Although we are still at an early stage with our research, we believe the recent improvements we've made to the vacuum-channel transistor could one day have a huge influence on the electronics industry, particularly for applications where speed is paramount. Our very first effort to fashion a prototype produced a device that could operate at 460 gigahertz -- roughly 10 times as fast as the best silicon transistor can manage. This makes the vacuum-channel transistor very promising for operating in what is sometimes known as the terahertz gap, the portion of the electromagnetic spectrum above microwaves and below infrared.
(Score: 1) by cyrano on Tuesday June 24 2014, @10:07PM
Philips developed an IC with miniaturized tubes in the late eighties. Don't remember what they had in mind as use for the device. Philips has had a lot of research like that that went nowhere...
The quieter you become, the more you are able to hear. - Kali [kali.org]
(Score: 2) by kaszz on Wednesday June 25 2014, @01:37AM
But where they so small that it left air molecules out due to scale?

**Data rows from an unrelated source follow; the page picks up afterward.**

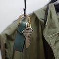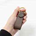 本革ならではのハリのあるしっかりとした素材がワンポイントになる本革のキーホルダー。小さめのリングが付いているので複数の鍵をまとめて持ち歩くことができます。金具には真鍮無垢を使用しており、真鍮ならではの経年変化を楽しめます。内側にはさりげなくノイエのロゴが素押しで刻印されています。男女問わずお使いいただけるデザイン・カラーバリエーションとなっております。
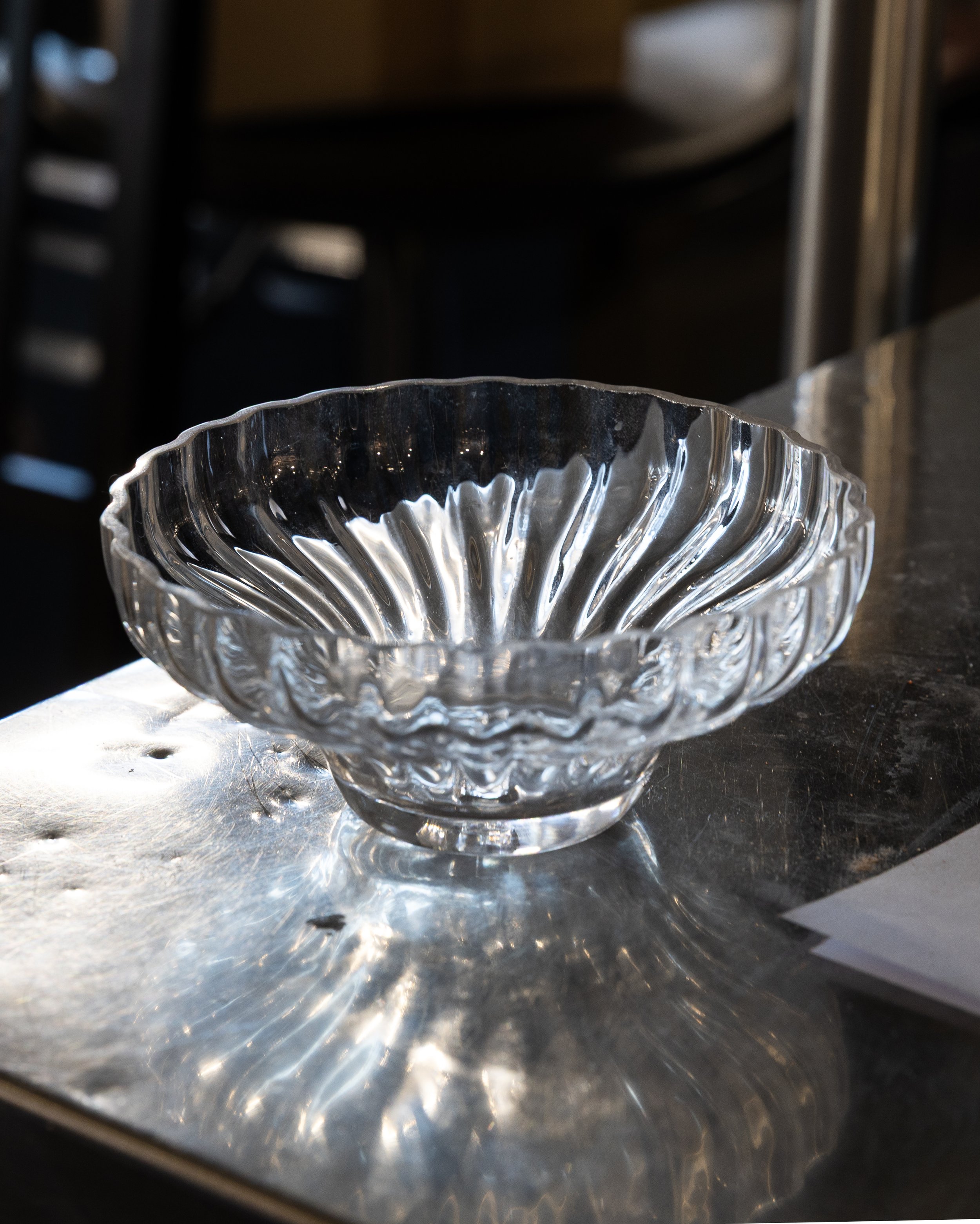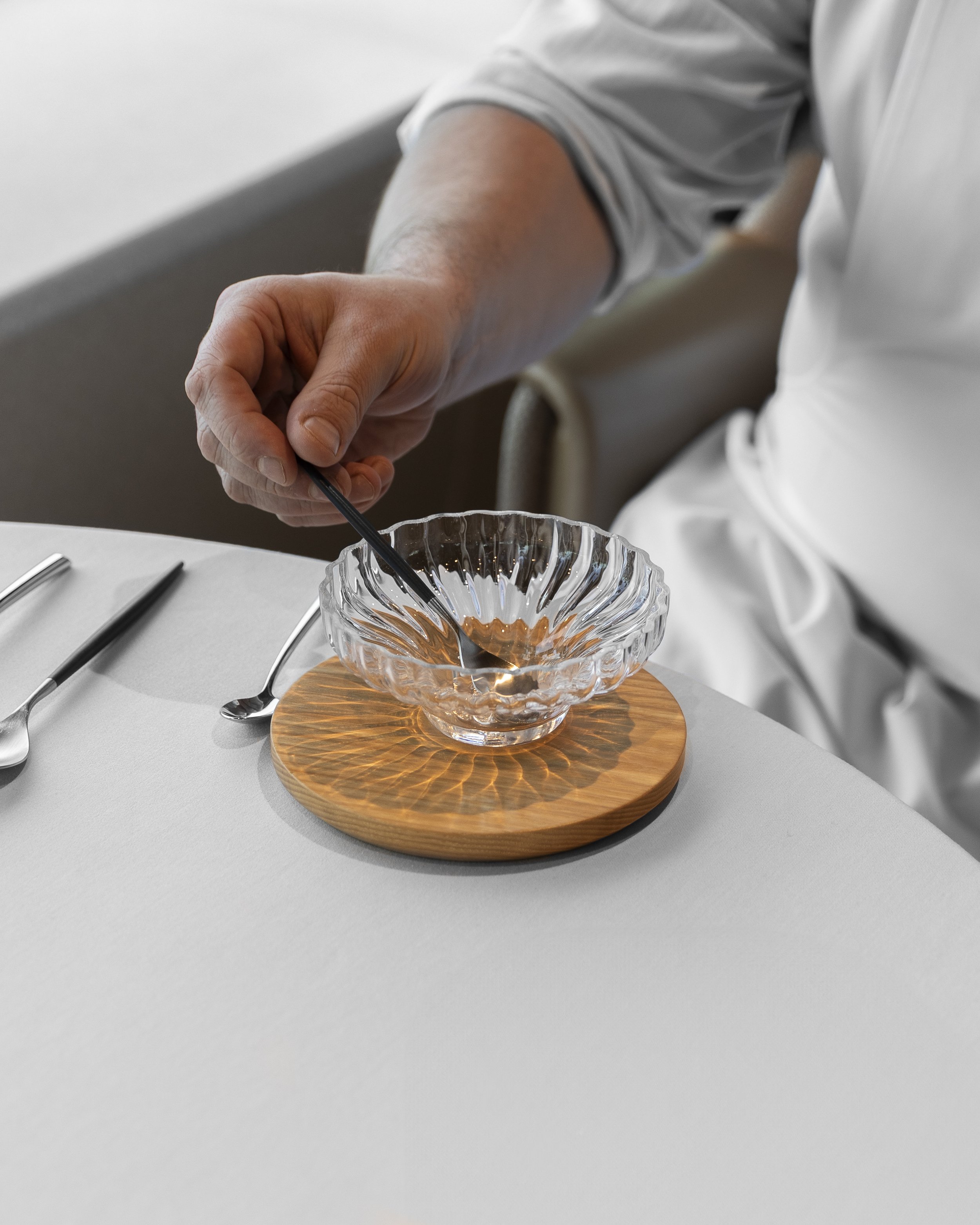While the form’s ripples are clear references to the Baltic, the angle at which they swim out from the bowl also conceals a nod to Revell and Petäjä’s original architecture. Although the bulk of the Palace building is boxy as befits its functionalist approach, the top floors feature gently angled roofs that soften the overall silhouette and which are apparent within the interior of the restaurant itself, framing the dining space. “If you look at the bowl from the side, it actually has that same angle, but in a more organic, inverted form.” This angle is also a detail that makes the most of the sunlight that streams into Palace’s interior from across the Baltic – “A very blue light reflecting from the ice and snow on the sea in the winter, but a very different quality of light in summer,” Lindberg summarises – with the shape of the clear glass splitting both this natural light and the restaurant’s built-in spotlights into ripples and veins of shade that flow across the wooden mats on which the bowls are presented.
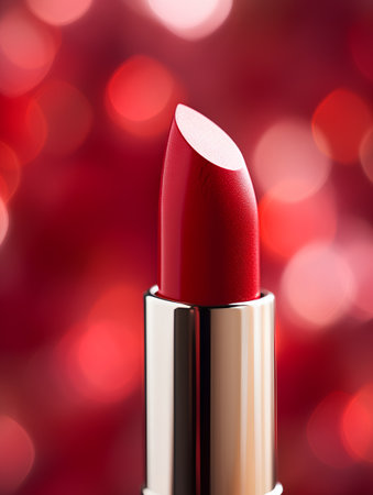 A stunning red lipstick is showcased in front of a blurred bokeh background, embodying elegance and style. Ideal for beauty promotions and makeup content.
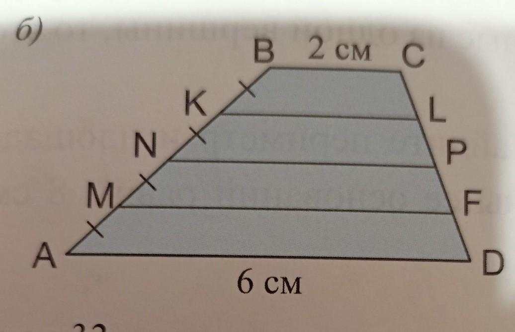 ABCD - трапеция, AD || MF || NP || KL. Используя данные на этом рисунке, найдите длины отрезков MF, NP, KL. (Только напишите ерунду, иначе БАН)
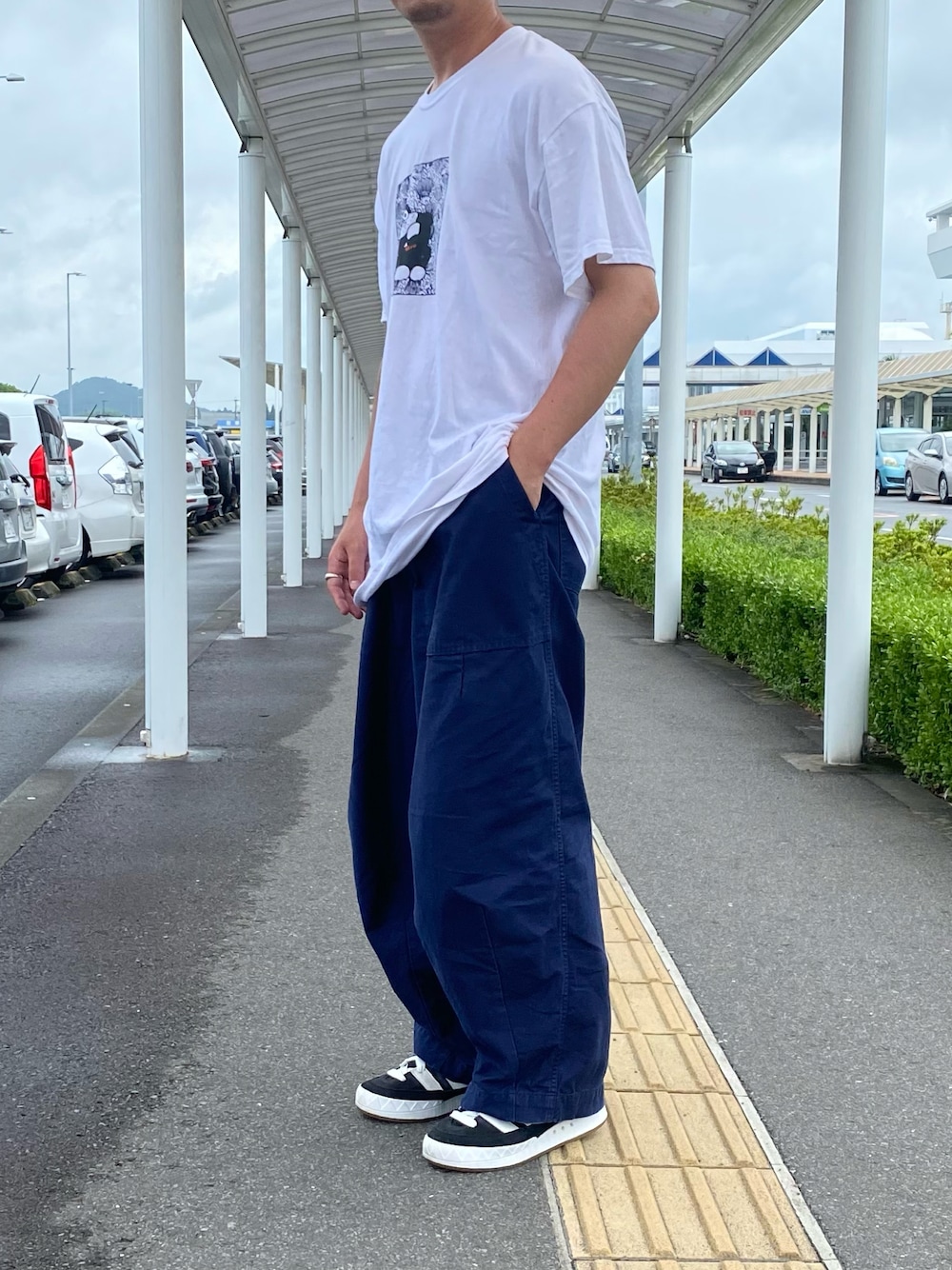 緩めのファッションに足元のコンパクトな丸みのあるデザインは良い。 ちなみに、、Tシャツのデザインフォトの色とパンツの色はあえて合わせてます。

Oh and "pointless" research educates researchers and tells everybody what not to do.
(Score: 1) by cyrano on Wednesday June 25 2014, @04:30PM
They were fractions of millimeters tall, but stil vacuum. The research wasn't pointless, but it never took on in the market. Only a few thousand IC's were made. I don't even remember the name.
The quieter you become, the more you are able to hear. - Kali [kali.org]
(Score: 2) by kaszz on Wednesday June 25 2014, @04:44PM
So these new things exploit inherent forces in the nature rather than vacuum pumped containers like in the 80's?